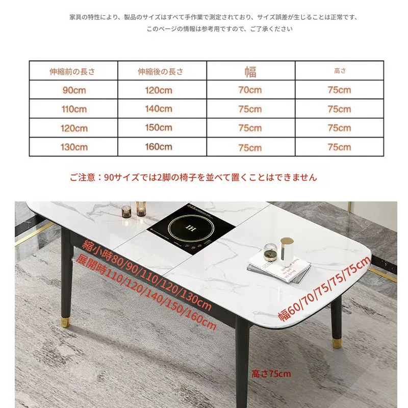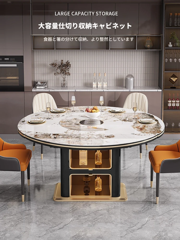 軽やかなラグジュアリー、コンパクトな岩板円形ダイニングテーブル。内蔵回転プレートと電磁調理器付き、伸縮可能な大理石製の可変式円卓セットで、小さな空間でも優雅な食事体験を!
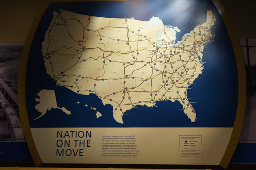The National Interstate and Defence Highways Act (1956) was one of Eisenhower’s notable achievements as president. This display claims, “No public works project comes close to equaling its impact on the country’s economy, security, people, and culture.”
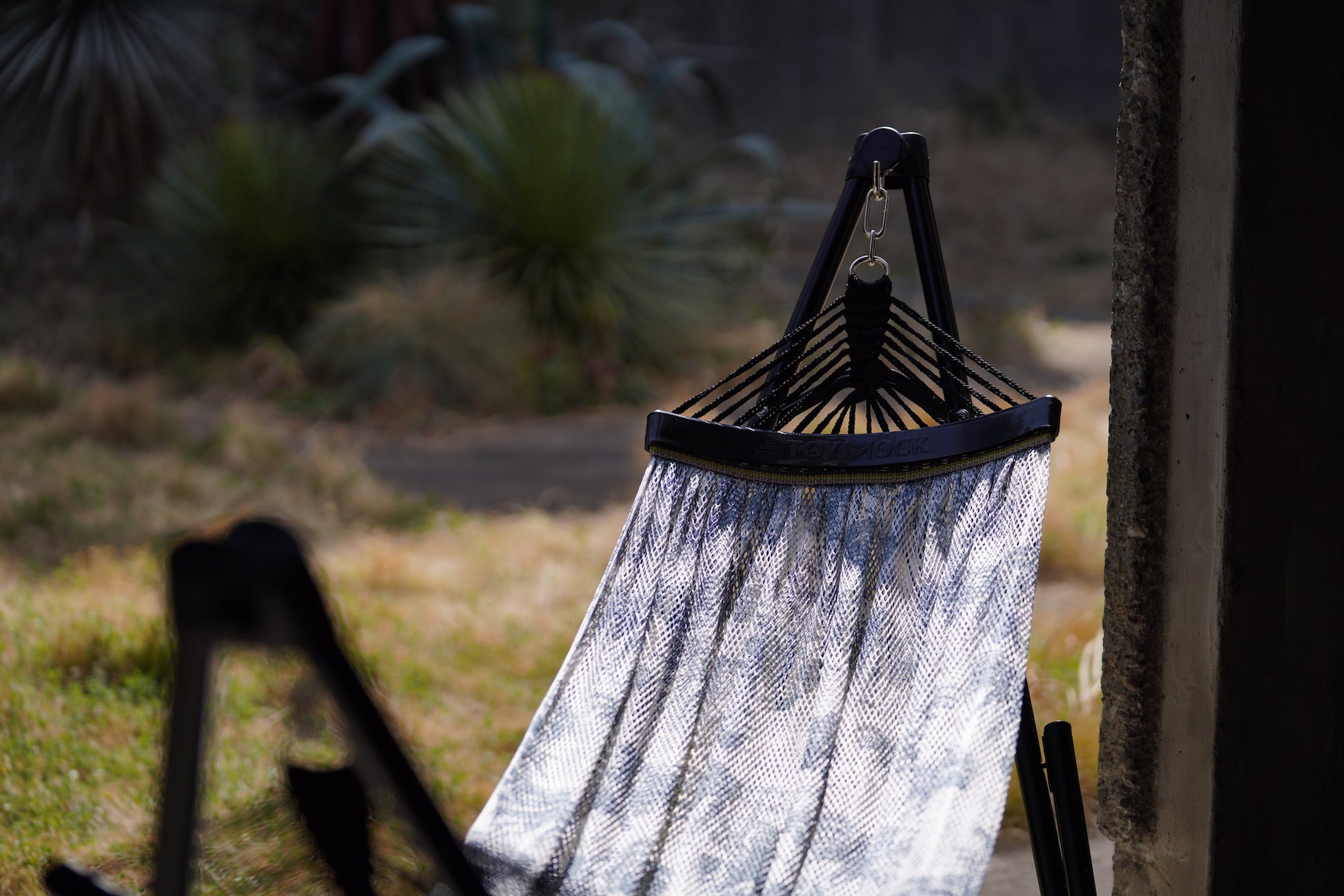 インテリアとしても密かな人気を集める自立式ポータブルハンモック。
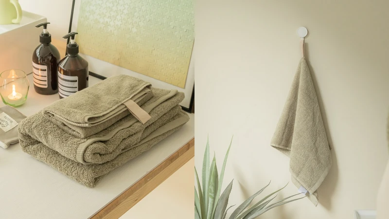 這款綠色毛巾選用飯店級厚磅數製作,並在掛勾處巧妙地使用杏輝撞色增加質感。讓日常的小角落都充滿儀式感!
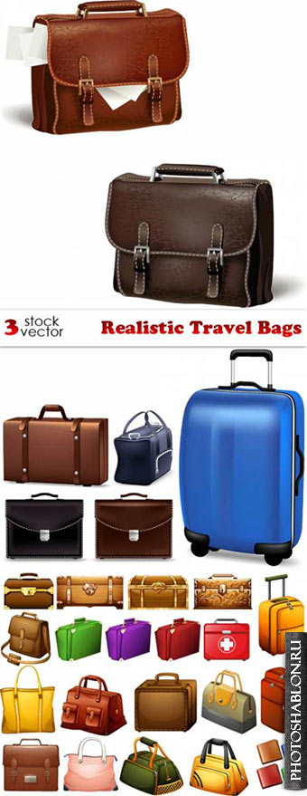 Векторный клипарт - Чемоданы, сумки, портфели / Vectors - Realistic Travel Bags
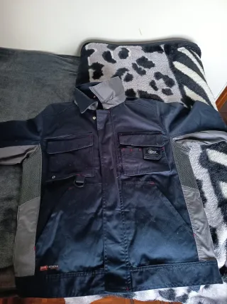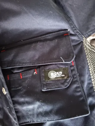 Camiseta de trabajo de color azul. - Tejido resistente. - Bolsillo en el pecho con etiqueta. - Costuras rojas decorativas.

EXERCISE DIRECTIONS - An answer containing only the lines from the one holding "這款綠色毛巾選用飯店級厚磅數" through the close of the entries above, reproduced exactly and stripped of pictures, is expected.

SOLUTION FOR THIS PROBLEM -
 這款綠色毛巾選用飯店級厚磅數製作,並在掛勾處巧妙地使用杏輝撞色增加質感。讓日常的小角落都充滿儀式感!
 Векторный клипарт - Чемоданы, сумки, портфели / Vectors - Realistic Travel Bags
 Camiseta de trabajo de color azul. - Tejido resistente. - Bolsillo en el pecho con etiqueta. - Costuras rojas decorativas.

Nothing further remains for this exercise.